Requirement → Check each line of the data for "from" and select those that have it.
§ §
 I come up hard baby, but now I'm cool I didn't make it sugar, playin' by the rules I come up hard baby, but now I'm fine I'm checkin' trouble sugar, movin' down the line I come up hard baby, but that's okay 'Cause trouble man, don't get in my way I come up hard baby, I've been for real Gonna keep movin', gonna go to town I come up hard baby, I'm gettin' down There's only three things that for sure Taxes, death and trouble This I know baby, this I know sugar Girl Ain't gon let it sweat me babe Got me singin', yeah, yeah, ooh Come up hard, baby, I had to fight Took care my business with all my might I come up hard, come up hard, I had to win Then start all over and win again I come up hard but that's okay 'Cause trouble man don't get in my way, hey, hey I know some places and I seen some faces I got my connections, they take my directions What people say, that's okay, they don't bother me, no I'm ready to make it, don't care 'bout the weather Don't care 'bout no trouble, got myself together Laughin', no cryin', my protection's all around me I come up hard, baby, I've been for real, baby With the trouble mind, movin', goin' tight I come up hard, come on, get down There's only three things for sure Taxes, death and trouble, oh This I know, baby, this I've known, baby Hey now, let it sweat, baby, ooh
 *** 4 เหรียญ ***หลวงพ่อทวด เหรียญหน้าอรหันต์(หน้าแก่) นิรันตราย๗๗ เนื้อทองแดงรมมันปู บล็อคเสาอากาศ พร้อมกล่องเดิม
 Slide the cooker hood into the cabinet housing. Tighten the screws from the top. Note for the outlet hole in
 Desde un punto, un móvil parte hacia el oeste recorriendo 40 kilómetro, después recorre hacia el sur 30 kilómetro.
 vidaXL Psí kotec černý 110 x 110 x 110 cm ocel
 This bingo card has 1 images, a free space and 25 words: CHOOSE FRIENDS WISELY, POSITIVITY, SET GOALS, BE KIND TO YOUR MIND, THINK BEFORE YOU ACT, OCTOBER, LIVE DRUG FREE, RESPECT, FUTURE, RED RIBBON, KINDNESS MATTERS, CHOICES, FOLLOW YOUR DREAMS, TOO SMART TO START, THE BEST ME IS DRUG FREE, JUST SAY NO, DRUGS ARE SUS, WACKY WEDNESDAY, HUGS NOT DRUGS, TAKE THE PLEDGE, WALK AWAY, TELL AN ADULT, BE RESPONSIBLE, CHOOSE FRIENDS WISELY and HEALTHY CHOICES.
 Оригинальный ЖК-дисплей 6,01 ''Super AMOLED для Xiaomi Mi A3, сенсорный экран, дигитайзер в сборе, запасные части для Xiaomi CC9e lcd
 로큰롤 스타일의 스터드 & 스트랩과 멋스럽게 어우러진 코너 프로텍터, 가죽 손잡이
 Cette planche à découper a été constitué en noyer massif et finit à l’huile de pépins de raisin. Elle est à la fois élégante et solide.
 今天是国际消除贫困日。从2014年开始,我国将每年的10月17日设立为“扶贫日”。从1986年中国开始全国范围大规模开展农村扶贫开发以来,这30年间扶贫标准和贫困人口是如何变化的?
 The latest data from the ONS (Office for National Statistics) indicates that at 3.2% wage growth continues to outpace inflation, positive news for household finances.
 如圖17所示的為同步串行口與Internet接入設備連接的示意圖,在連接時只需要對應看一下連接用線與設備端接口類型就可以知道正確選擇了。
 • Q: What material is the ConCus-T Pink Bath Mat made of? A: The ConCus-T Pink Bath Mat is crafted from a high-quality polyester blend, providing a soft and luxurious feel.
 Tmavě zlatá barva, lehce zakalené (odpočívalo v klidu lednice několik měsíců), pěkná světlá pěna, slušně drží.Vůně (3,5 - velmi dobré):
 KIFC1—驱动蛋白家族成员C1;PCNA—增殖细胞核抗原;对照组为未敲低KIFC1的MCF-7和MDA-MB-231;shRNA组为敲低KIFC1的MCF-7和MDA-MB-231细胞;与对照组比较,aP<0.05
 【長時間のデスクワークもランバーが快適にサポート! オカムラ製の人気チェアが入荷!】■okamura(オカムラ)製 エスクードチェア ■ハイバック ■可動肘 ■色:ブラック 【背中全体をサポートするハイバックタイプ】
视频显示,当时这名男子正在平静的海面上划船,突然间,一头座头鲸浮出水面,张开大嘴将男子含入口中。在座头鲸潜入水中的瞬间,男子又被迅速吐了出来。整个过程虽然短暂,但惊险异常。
§ §
Answer for this exercise →
 Slide the cooker hood into the cabinet housing. Tighten the screws from the top. Note for the outlet hole in
 The latest data from the ONS (Office for National Statistics) indicates that at 3.2% wage growth continues to outpace inflation, positive news for household finances.
 • Q: What material is the ConCus-T Pink Bath Mat made of? A: The ConCus-T Pink Bath Mat is crafted from a high-quality polyester blend, providing a soft and luxurious feel.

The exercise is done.